Just restarted the test. I'll check later how it goes. Thanks for the help.
Updated by nicksinger over 1 year ago
- Status changed from In Progress to Feedback
So I focused on 4, 5 and 6 now as these where the only ones I was able to spot reproducible problems. All three instances can boot again as expected:
- https://openqa.suse.de/tests/10968507
- https://openqa.suse.de/tests/10968508
- https://openqa.suse.de/tests/10968509
Created https://gitlab.suse.de/openqa/salt-pillars-openqa/-/merge_requests/526 to revert the previous disable. I think after it is merged and executing a "proper" job, we can close this here. @JERiveraMoya what do you think?

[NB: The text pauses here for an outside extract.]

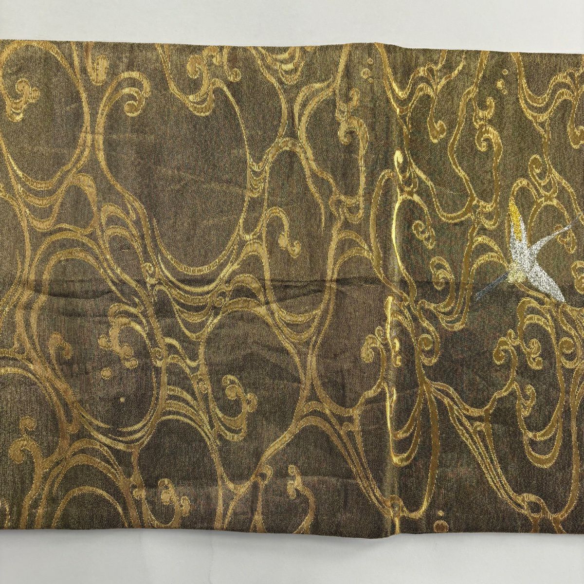 【美品】 袋帯 名品 関西仕立て 菱 鶴 箔 金糸 茶色 六通 正絹
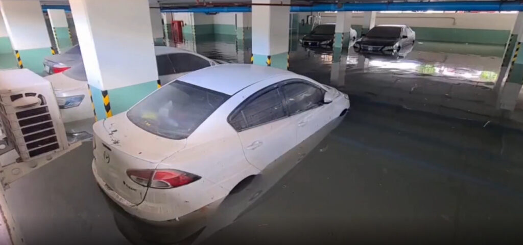 จากการสำรวจความเสียหาย ตามจุดต่างๆที่เกิดน้ำท่วมขังจากฝนที่ตกลงมาอย่างหนักติดต่อกันหลายชั่วโมง หนึ่งในนั้นคือลานจอดรถชั้นใต้ดินของคอนโด บนถนนชยางกูร ซึ่งต่ำกว่าถนนเกือบ 2 เมตร ทำให้รถผู้พักอาศัยเสียหายเกือบ 20 คัน เจ้าหน้าที่เทศบาลและสำนักงานป้องกันและบรรเทาสาธารณภัยจังหวัดนำเครื่องสูบน้ำมาช่วยสูบน้ำที่ยังตกค้างอยู่ชั้นใต้ดิน เพื่อให้เจ้าของรถและบริษัทประกันภัยเข้าสำรวจความเสียหาย ก่อนเคลื่อนย้ายไปส่งซ่อมต่อไป . – สำนักข่าวไทย

Updated by nicksinger over 1 year ago
- Status changed from Feedback to Resolved
Workers look fine also after the long weekend. I'm considering this done for now.
Updated by openqa_review over 1 year ago
- Status changed from Resolved to Feedback
This is an autogenerated message for openQA integration by the openqa_review script:
This bug is still referenced in a failing openQA test: default@ppc64le-hmc
https://openqa.suse.de/tests/11162714#step/bootloader/1
To prevent further reminder comments one of the following options should be followed:
- The test scenario is fixed by applying the bug fix to the tested product or the test is adjusted
- The openQA job group is moved to "Released" or "EOL" (End-of-Life)
- The bugref in the openQA scenario is removed or replaced, e.g.
label:wontfix:boo1234
Expect the next reminder at the earliest in 28 days if nothing changes in this ticket.
Updated by nicksinger over 1 year ago
- Status changed from Feedback to Resolved
different issue in the meantime. Removed bugref and restarted job.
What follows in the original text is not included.